The user REST API exposes the user records held by the configured user resolvers (LDAP, SQL, …). Endpoints fall in three groups:
listing / lookup —
GET /user/.user-store CRUD against editable resolvers — admin-only:
POST /user/,PUT /user/,DELETE /user/(resolvername)/(username).custom user attributes — small key/value records that privacyIDEA attaches to a user independent of the user store:
GET /user/attribute,POST /user/attribute,DELETE /user/attribute/(attrkey)/(username)/(realm),GET /user/editable_attributes/.

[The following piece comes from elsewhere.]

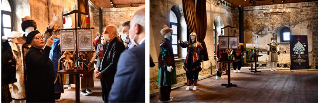
Şekil 5. “Bir Zamanlar Selçuklu” sergisi (Gazete Kuzey, 2021)

Tarihî dokusuyla yerli ve yabancı turistlerden ilgi gören manastır, turizm faaliyetleri açısından ön plana çıkmasının dışında Trabzon’un tarih, kültür ve sanat hayatına canlılık katmaktadır. Buna ek olarak manastıra öğrenciler için de geziler düzenlenmektedir. Bu da günümüz neslinin geçmişi hakkında fikir edinmesine ve kültürel-tarihsel yönden bilgilenebilmesine de önemli bir katkı sağlamaktadır. 10 Eylül 2021 tarihinde açılışı gerçekleştirilen ve kısa zamanda ziyaretçilerin yoğun ilgisi ile karşılaşılan Kızlar Manastırı’nda, sanatsal ve kültürel etkinliklerin yapılması yönünde çalışmalar devam etmektedir.

CRUD on user-store records requires admin authentication and the
respective policy action (adduser,
updateuser, deleteuser); the underlying
resolver must also have the editable flag set. Listing is gated
by userlist and is realm-scoped for realm-admins. The
custom-attribute write/delete endpoints are gated by the
set_custom_user_attributes and
delete_custom_user_attributes policies and may be
invoked by users on themselves as well as by admins on other users.
16.1.1.12. User endpoints¶
The user endpoints is a subset of the system endpoint.
- GET /user/¶
Return users from the configured resolvers.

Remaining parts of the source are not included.